WHERE THE CANDIDATES STAND ON THE ECONOMY. The next president will have to sustain economic growth while shrinking the budget deficit. What's that mean for taxes? Second in a series on the key issues of '88. DUKAKIS
MICHAEL DUKAKIS'S official car as Massachusetts governor is a Chevrolet Celebrity made in Framingham, Mass. As passengers who have squeezed into the compact have found out, Mr. Dukakis does not believe in spending money on limousines. ``He is quite prudent,'' says Barry Stein, a Cambridge, Mass., business consultant who knows the governor. ``Spending money for show is something he is judicious about,'' Mr. Stein quips.
This doesn't mean that under Dukakis, the presidential limousine would get turned in for a smaller model. But Rob Shapiro, a domestic adviser to Mr. Dukakis, says of the candidate, ``His greatest influence is his own experience running the state of Massachusetts.''
Robert Reischauer, a fellow at the Brookings Institution in Washington, refers to Dukakis as a pragmatist. ``He's not the captive of any economic doctrine,'' says Mr. Reischauer, a Dukakis adviser.
From his experience running the Bay State, Dukakis ``takes the classic approach to economic development,'' Mr. Shapiro says. This sometimes entails government-business partnerships, and in some cases direct government involvement.
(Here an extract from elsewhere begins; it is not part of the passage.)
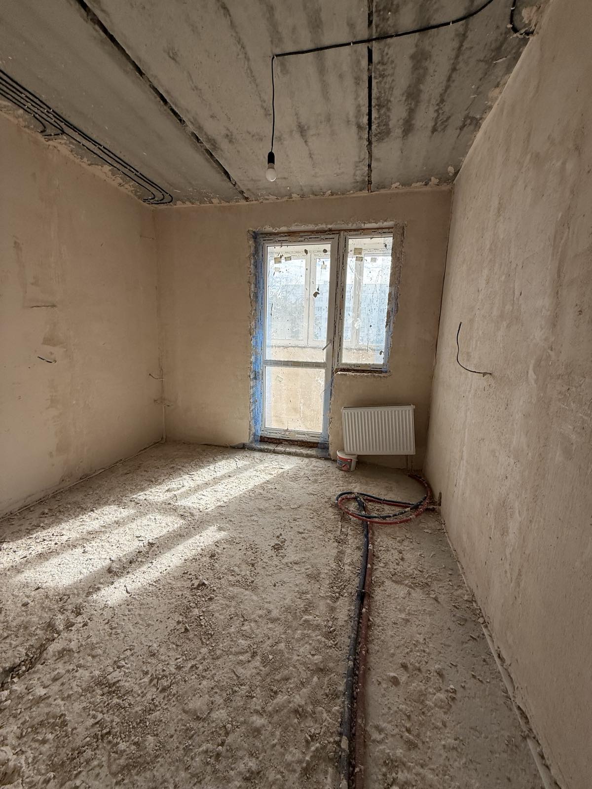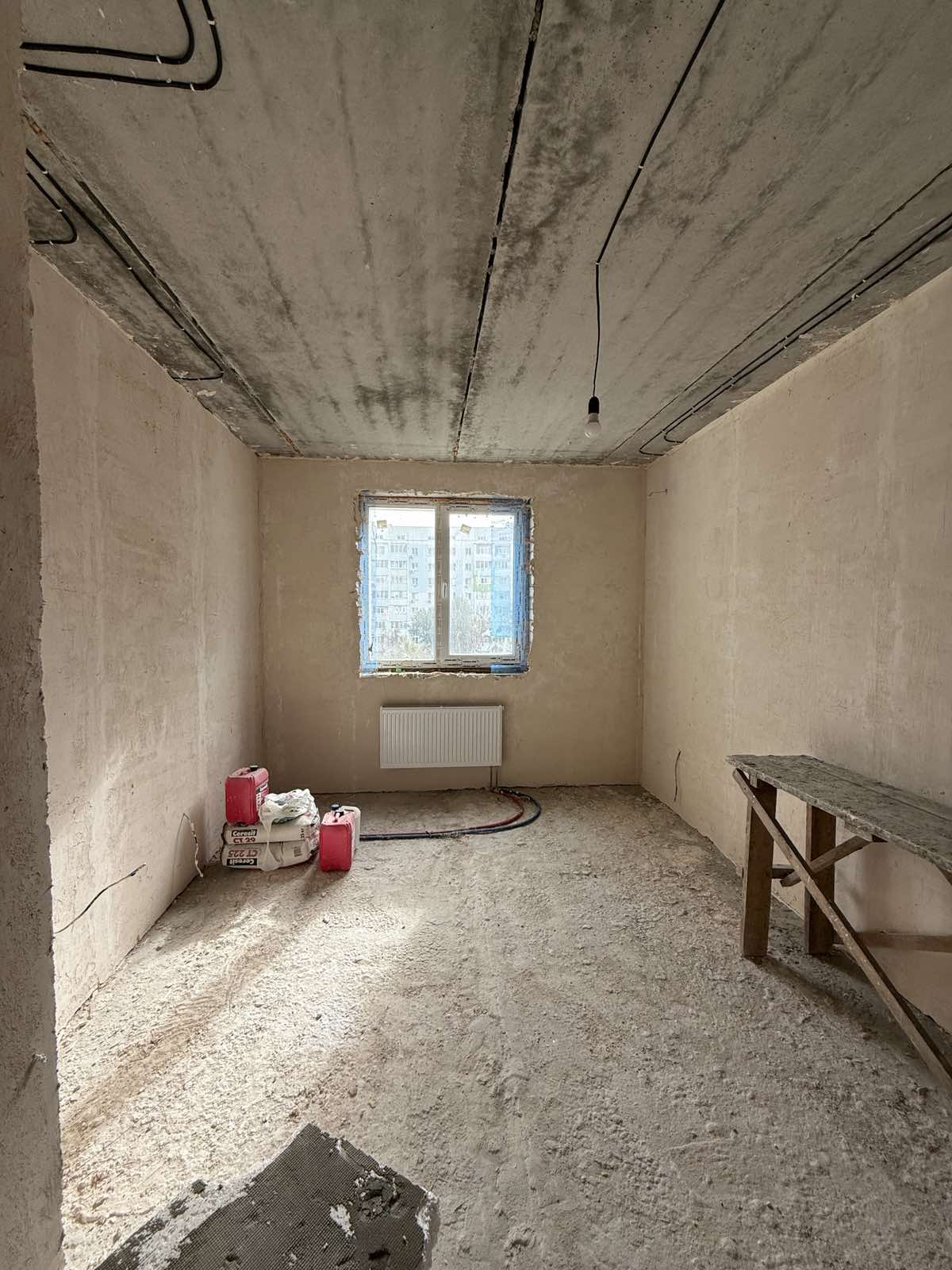 У квартирі розпочато ремонт, зроблено чернові роботи: розведення електрики, штукатурка стін, балкон засклений, нові вхідні двері. Встановлено лічильник на тепло.

The three examples of Dukakis's economic thinking cited most frequently by his advisers are his program to train welfare recipients for jobs, the research and development centers Dukakis established in Massachusetts to help move economic ``laboratory'' ideas to the marketplace, and a project to help mature industries - particularly the textile industry - modernize. To Shapiro, these programs show that ``Dukakis really is a problem solver.''
Reflecting his Boston background, Dukakis's list of advisers is filled with Harvard PhDs. He gets advice from Lawrence Summers, Robert Reich, and Rosabeth Moss Kanter.
Mimicking George Bush, Mr. Summers says, ``Read my lips - no new loopholes.''
Summers also says new taxes would be only a last resort. And if taxes are imposed, Dukakis rules out a consumption tax such as a value-added tax. He derides Mr. Bush's proposal to reduce the capital-gains tax as a giveaway for the rich.
Instead, Dukakis plans to lower the deficit by, in part, stepping up tax-collection efforts. Although many experts disagree with him, Dukakis believes that stiffer enforcement by the Internal Revenue Service would bring in a significant portion of $110 billion in taxes owed the government but not collected each year. The tougher IRS enforcement originates from his experience in Massachusetts, where a crackdown, followed by a tax amnesty, netted the state billions in revenues.
Like Bush, Dukakis would try to bring the budget deficit down gradually. Some of his proposed cuts would come in the defense area, particularly by elimination of much of the funding for the Strategic Defense Initiative. Other cuts would come in health care and welfare.
Dukakis would form a ``Fund to Rebuild America,'' combining federal grants and private money. Initially capitalized with $500 million, it would be targeted to needy areas.
The governor calls social security a ``sacred contract,'' and indicates he would never make cuts in it. Although Dukakis has yet to announce a position on whether he would remove the social security fund in calculating the budget deficit, Summers says such a move should be done in a gradual manner.
Dukakis disagrees with his running mate, Texas Sen. Lloyd Bentsen, in opposing an oil-import fee. Such a fee would amount to ``a drain-America-first policy,'' Summers says. But Dukakis would use US production to fill the Strategic Petroleum Reserve.